Why MiTS is necessary? #

Road– urban or rural– design can be a tricky subject to get right, despite the simplistic appearance. The engineers have to consider multiple factors such as guideline compliance (REAM, ATJ 2015 or to some extent, AASHTO), cost consideration, soil condition and the impact on the ecosystem. The designed road must be pleasing to drive at, it must not disturbed existing ecosystem too much, the land owner must be willing to relinquish the plot of land… and so on, and so on.

Setting all the political and ecological issues aside, just to consider the design aspect alone, engineers have to deal with road authorities who are meticulous, and clients who are demanding, cost conscious, fickle minded and who anticipate awe all the time. Therefore having a good software that allows the engineers to quickly iterate on design is of paramount importance. There are meetings upon meetings, and during each meeting client can change his mind and demand tweaks to the existing design. The problem is that even though the change might be minimal,  it’s hard to keep everything in sync all the time. Take for example, even a small change on the gradient of the vertical alignment can render the vertical alignment drawing, the cross section drawings, the cut and fill calculation and even the location of drains invalid. That’s why without good software the consulting firms –who are always running on tight deadlines and always running short of staff and funds–will have a hard time to cope.

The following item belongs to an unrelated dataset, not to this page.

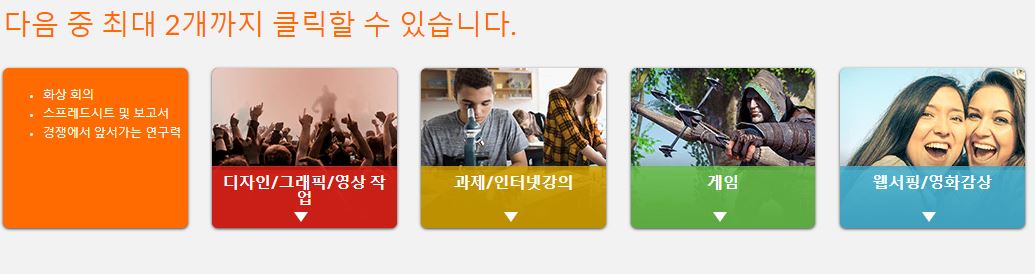 위에서 용도로 검색을 선택하면 그래픽용, 인터넷강의용, 게임용, 웹서핑용 등으로 분류된 바로 가기 메뉴가 나타나고 이제 어느 것이든 클릭만 하면 곧바로 알맞은 제품을 찾아 볼 수 있습니다.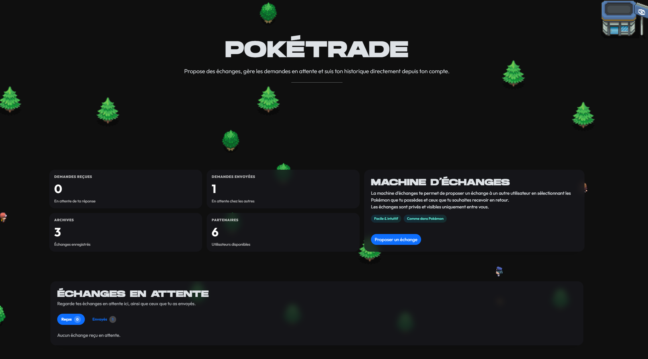 Vous pouvez proposer vos Pokémon aux autres membres du site ou en demander à ceux en possédant.

It is under this context that TC Consult decided to adopt MiTS for the Road and Earthwork design. Since then MiTS has become the de facto infrastructure design tool for TC Consult and is heavily used in the design office. We would like to thank TC Consult for their support!

What are the salient characteristics of MiTS that makes it such a useful tool? Here are a few points:

  1. Ease of use
  1. Standard compliance
  1. Impressive 3D views
  1. Tools to minimize construction cost
  1. Fast support

We select two TC Consult projects to better illustrate these points.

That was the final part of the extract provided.